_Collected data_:
□ □ □ □ □
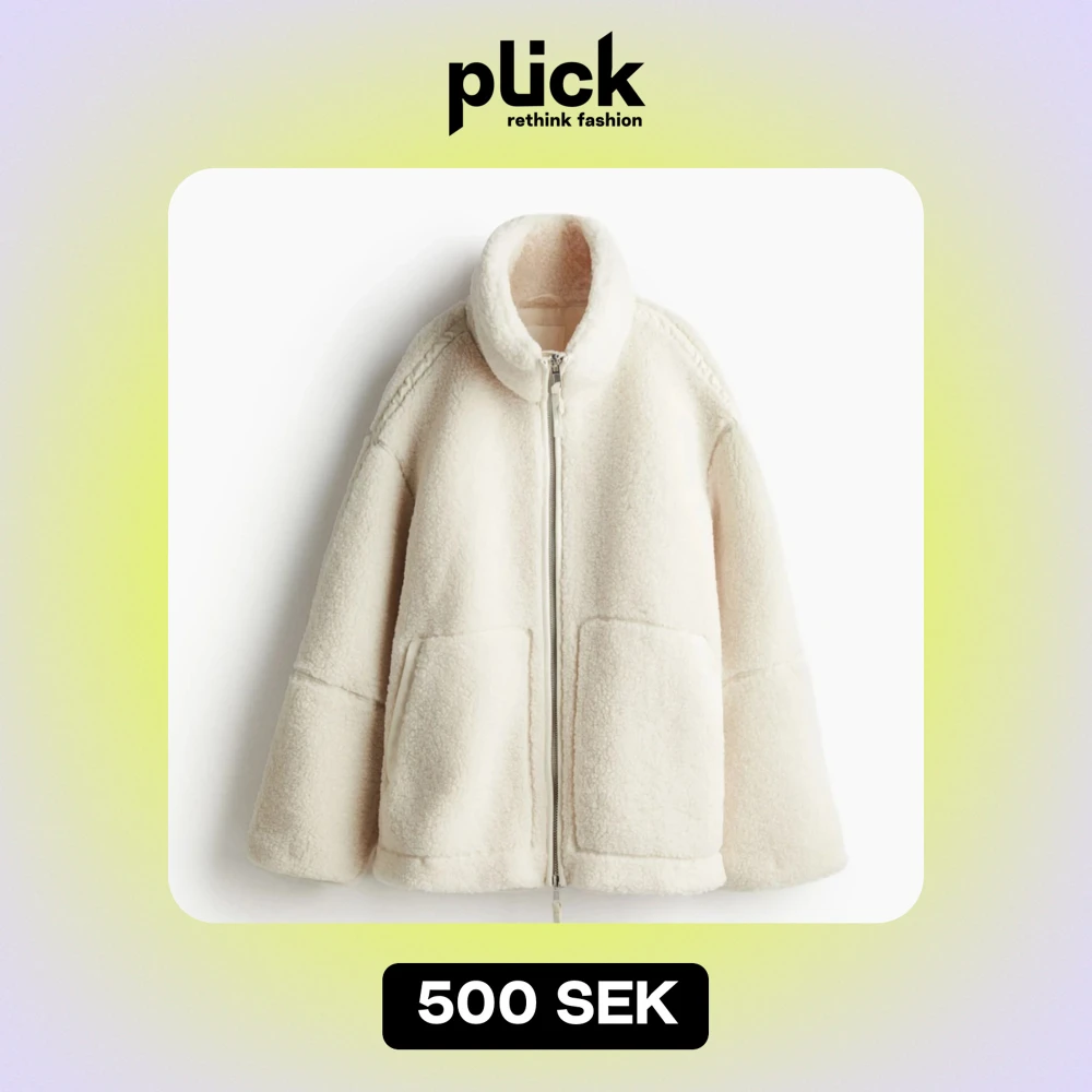 Mysig vit teddyjacka. Den har en dragkedja framtill och stora fickor för extra värme och stil. Jackan är långärmad och har en hög krage som skyddar mot vind. Perfekt för både höst och vinter!
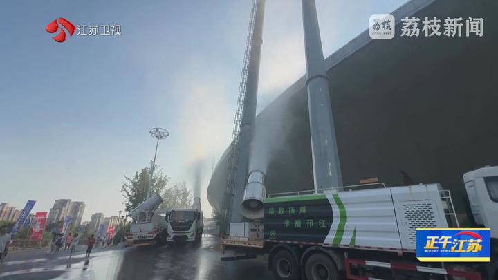 比赛正值高温天,为了打赢这场足球与高温的“硬仗”,多项降温保障措施全面上线。当晚比赛的扬州体育公园内设置了28个免费饮水点、100余桶降温冰桶共计约10000公斤冰块,每个冰桶旁还配置了毛巾,供观众随时取用。为方便外地球迷停车,扬州不少本地球迷选择共享单车、电动车等方式抵达现场,场外安保人员则指引大家规范有序停车,保持过道畅通。公交部门也开足马力,加大公交接驳车辆投入。
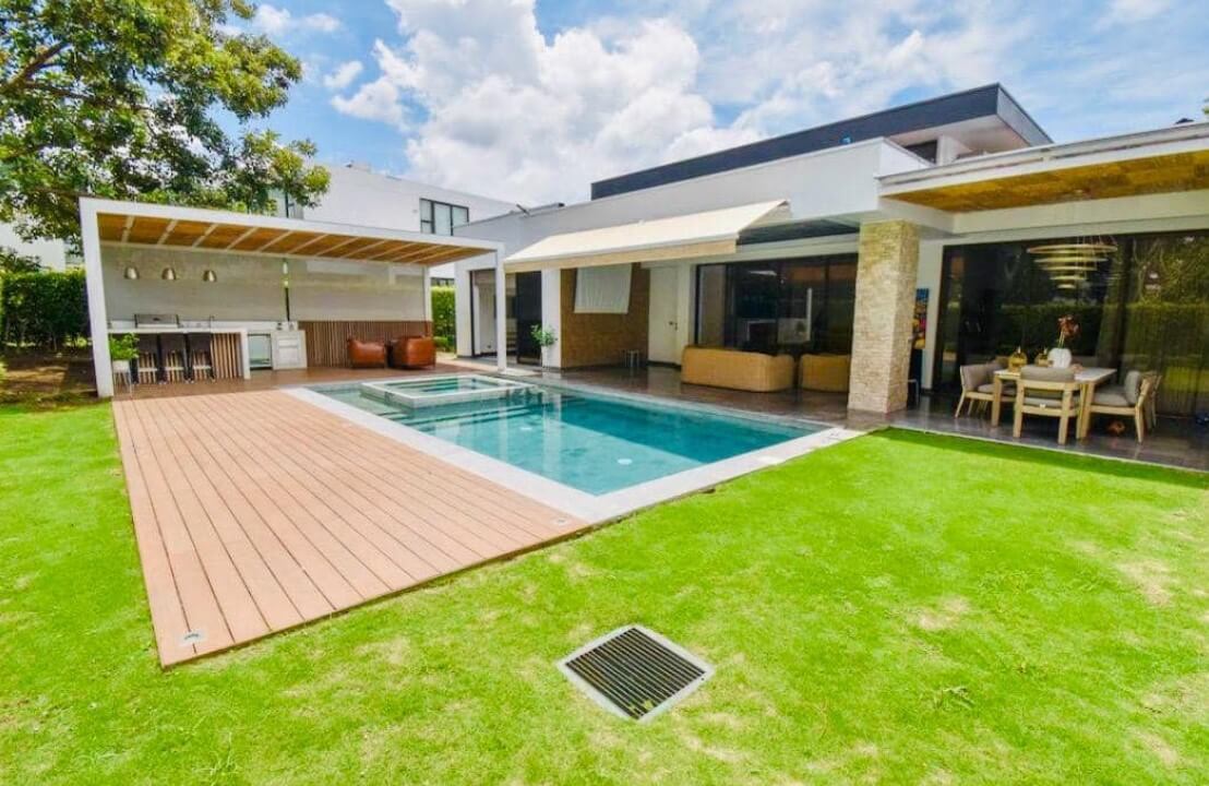 La casa cuenta con paredes muy altas, y áreas muy iluminadas en donde destaca una espaciosa sala la cual posee aire acondicionado central para mantener la comodidad en toda la casa, el comedor tiene vista hacia el área de piscina y se encuentra ubicado al lado de la cocina, un área de ensueño; la cocina viene equipada con línea blanca empotrada, isla y zona de desayunador con sobres en cuarzo, una alacena bien pensada para almacenamiento adicional.
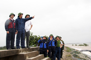 | Đồng chí Nguyễn Văn Đọc, Chủ tịch UBND tỉnh kiểm tra tại khu vực đê Hà Nam (Quảng Yên). |
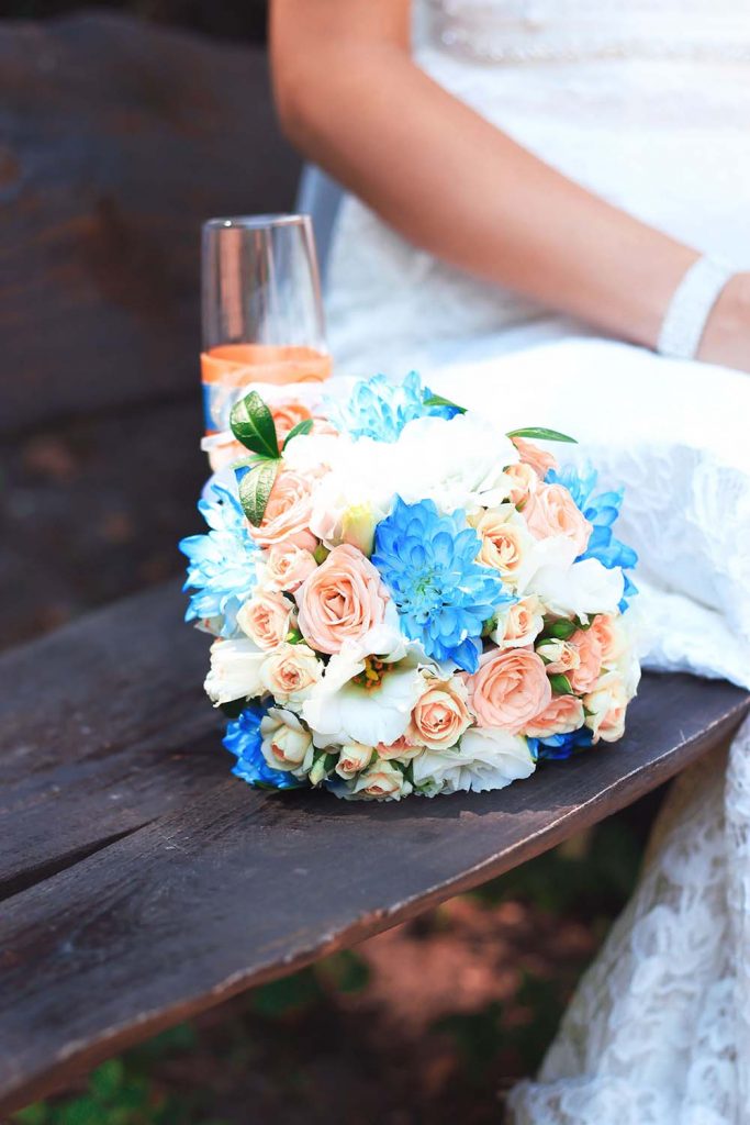 É provável que você queira que algo no traje do noivo esteja relacionado a cor pantone de 2020. Para isso, escolha itens que componham o look dele, que por si só já é diferente dos demais. Dessa maneira peça que ele utilize um lenço de bolso na cor escolhida, ou então entregue a ele uma flor azul do seu buque. Isso fará com que ele também participe do conjunto como um todo, e todos os detalhes terão o encaixe e a combinação perfeita.
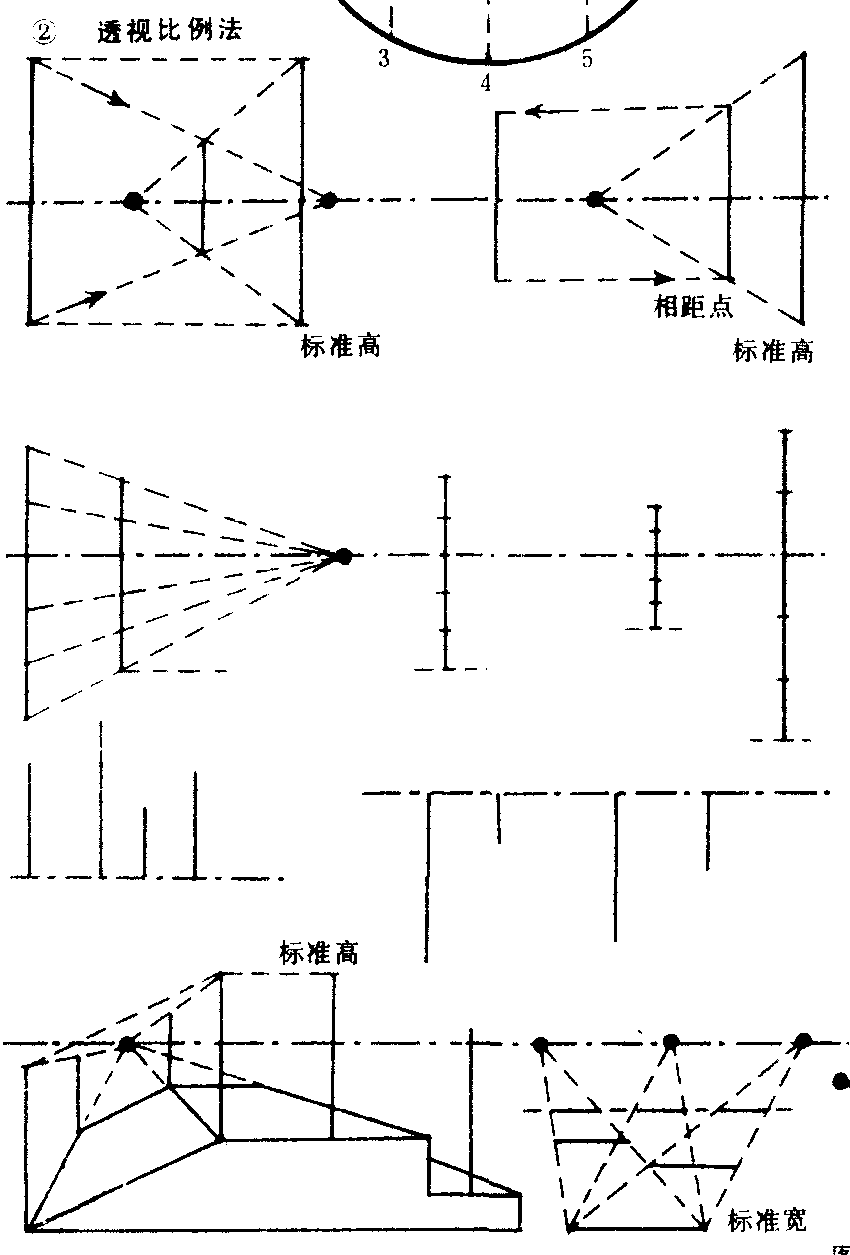 ❷确定标准高度后上下两端连消灭点,在相距点画水平线与标准高下端的消灭线相交,在交点画垂直线交于上端的消灭线,求得相当于相距点的透视高,把此高平行移到相距点,即为所求的透视高。
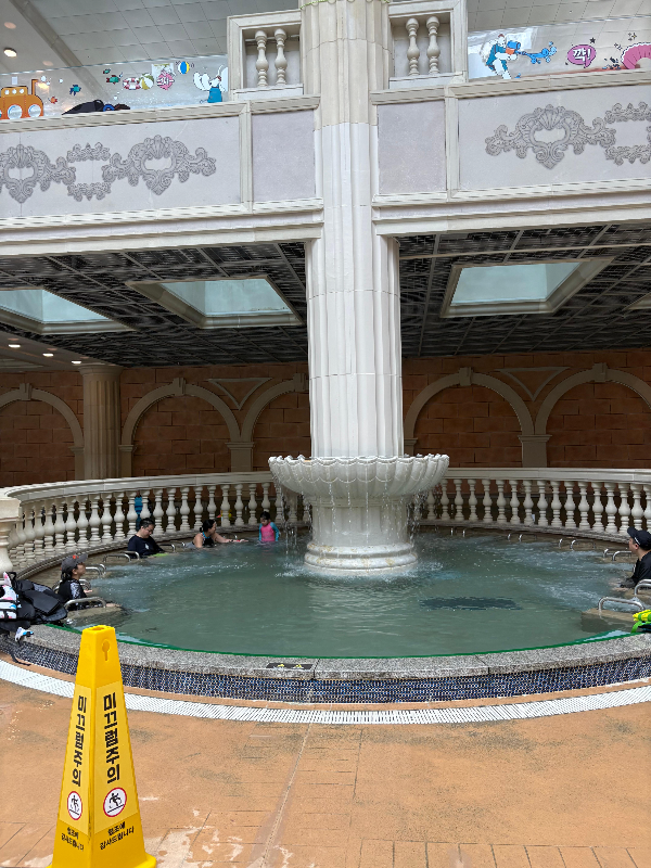 실내에는 여기저기 온수탕이 있어요
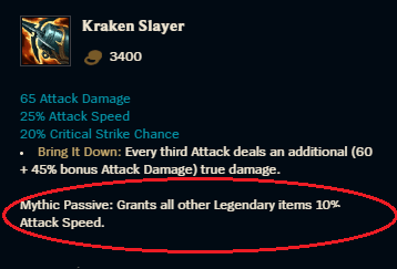 Mythic passives are a new inclusion to League of Legends, as they have come with the categorisation of items into tiers of quality (starter, basic, epic, legendary and mythic). These passives, attached to each Mythic Item, grant the wearer extra stats based on how many legendary items they own. Kraken Slayer provides one of the most impressive mythic passives, giving all other Legendary Items 10% attack speed, becoming a first choice for many different ADCs that can scale well into the late game and continue providing value as more Legendary Items are built.
□ □ □ □ □
_TASK REQUIREMENTS_: When the line containing "❷确定标准高度后上下两端连消" is reached, write out that line and each one after it exactly, ending with the last line of the records; pictures are not copied.

_WRITTEN RESPONSE_:
 ❷确定标准高度后上下两端连消灭点,在相距点画水平线与标准高下端的消灭线相交,在交点画垂直线交于上端的消灭线,求得相当于相距点的透视高,把此高平行移到相距点,即为所求的透视高。
 실내에는 여기저기 온수탕이 있어요
 Mythic passives are a new inclusion to League of Legends, as they have come with the categorisation of items into tiers of quality (starter, basic, epic, legendary and mythic). These passives, attached to each Mythic Item, grant the wearer extra stats based on how many legendary items they own. Kraken Slayer provides one of the most impressive mythic passives, giving all other Legendary Items 10% attack speed, becoming a first choice for many different ADCs that can scale well into the late game and continue providing value as more Legendary Items are built.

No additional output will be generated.